A coordination of 3 neurobiological states:

1. Physiological (change in body state by ANS)

2. Behavioural (clear and observeable in animals, basic, evolutional circuitry, camouflaged in humans)

3. Feeling (unanswered, non-specific to senses, ‘conscioussness’)

causing a coordinated response triggered by the brain, a state of emotion

Major structures involved in the elicitation and evaluation of emotional experiences?

Limbic structures [connect cortex—hypothalamus—reticular nuclei]

AMYGDALA: emotional memories, significance of stimuli to feelings

HIPPOCAMPUS: declarative memories (factual, information)

Prefrontal cortex [social interaction-related emotions]

• Lesions impair empathy, pride, embarrassment, guilt (sociopathy)

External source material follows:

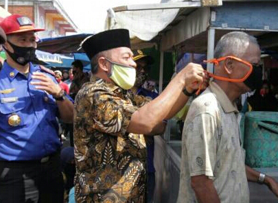 Selanjutnya wabup juga membagikan masker kepada pedagang dan pengunjung pasar yang tidak menggunakan masker dengan cara memasangkan kepada pedagang dan masyarakat – habede.

• Directs appropriate social behaviours/relationships, moral decision-making, rewards, punishment

Cingulate gyrus [connects cortex and subcortical limbic regions]
mostly note anterior cingulate, highest emotional involvement

• Cognitive-emotional pain response

• Interacts with PFC and parietal

• Assigns emotional valence to stimuli, selects/maintains attention

• Hippocampal connections aid memory retrieval and storage

• Cingular motor areas (in limbic lobe), incorporate emotion into motor responses

Major structures involved in the physiological expression of emotional experiences?

Facilitated by the HYPOTHALAMUS + activation of the
→ subconscious and involuntary

1. Autonomic nervous system

2. Endocrine system

i.e., tests for arousal level including HR, body temperature, perspiration

‘Sham rage response’ in cats using regional brainstem electrode stimulation (doesn’t work with hypothalamic lesion)

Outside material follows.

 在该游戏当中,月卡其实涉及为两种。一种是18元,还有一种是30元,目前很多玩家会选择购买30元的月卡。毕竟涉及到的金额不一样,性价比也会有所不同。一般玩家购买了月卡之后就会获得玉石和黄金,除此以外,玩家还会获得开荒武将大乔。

Major structures involved in the behavioural expression of emotional experiences?

Facilitated by brainstem nuclei like the:

Periaqueductal grey [midbrain surrounding cerebral aqueduct]

• Central pattern generators (CPGs) for swallowing, phonation, defensive behaviours, vomiting, facial expressions

• Processive aversive and appetitive stimuli

• Pain perception, emotional responses, sleep-wake cycle

Reticular nuclei [i.e., pontine & medullary reticular formations]

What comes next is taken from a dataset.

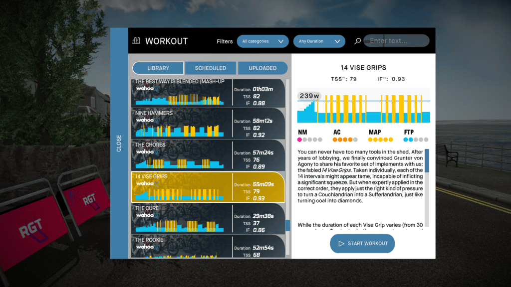 Wahoo X offers the most complete training app for cyclists – with tools for both indoor or outdoor riding. The subscription provides access to both SYSTM and RGT, and with this latest development you can now have a consistent experience across both platforms, in addition to the ELEMNT BOLT and ROAM bike computers – where these workouts are also available. If you are following a training plan in SYSTM your scheduled workouts will be available for you in RGT, all you need to do is pick where in the world you will complete your session. All training plans are included as part of the Wahoo-X membership, which offers an extensive workout library to select from, users can filter this – based on time available or type of training session.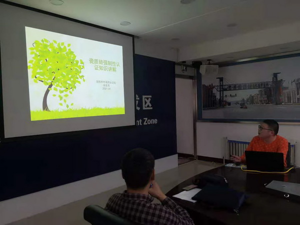 通过调研,认证监督管理处张宏亮了解到法库陶瓷行业和基层市场监管人员对强制性产品认证知识匮乏,制作了PPT,4月22日下午在法库开展了《瓷质砖强制性认证知识讲解》。他主要从强制性产品的概念、目录、瓷质砖产品描述与界定、认证规则、认证程序等相关内容进行了培训,22 家企业和市场监管人员参加了培训。收到了良好的效果,大家现场就有关问题进行了提问。

• Cardiovascular, respiration, urination, muscle tone, reflexes

• Stereotypic behaviours: species-specific/characteristic, from evolution

• Specialized, localized regions, also sleep-wake cycle

NOTE: facial expressions are not evoluntarily/behaviorally driven, the emotional ‘fingerprint’/circuitry in the brain differs vastly

What is emotion as an action tendency?

1ST LEVEL, basic emotions are:

1. Required for survival, occurred via evolution

2. Drive is embedded in neural circuitry (no learning required)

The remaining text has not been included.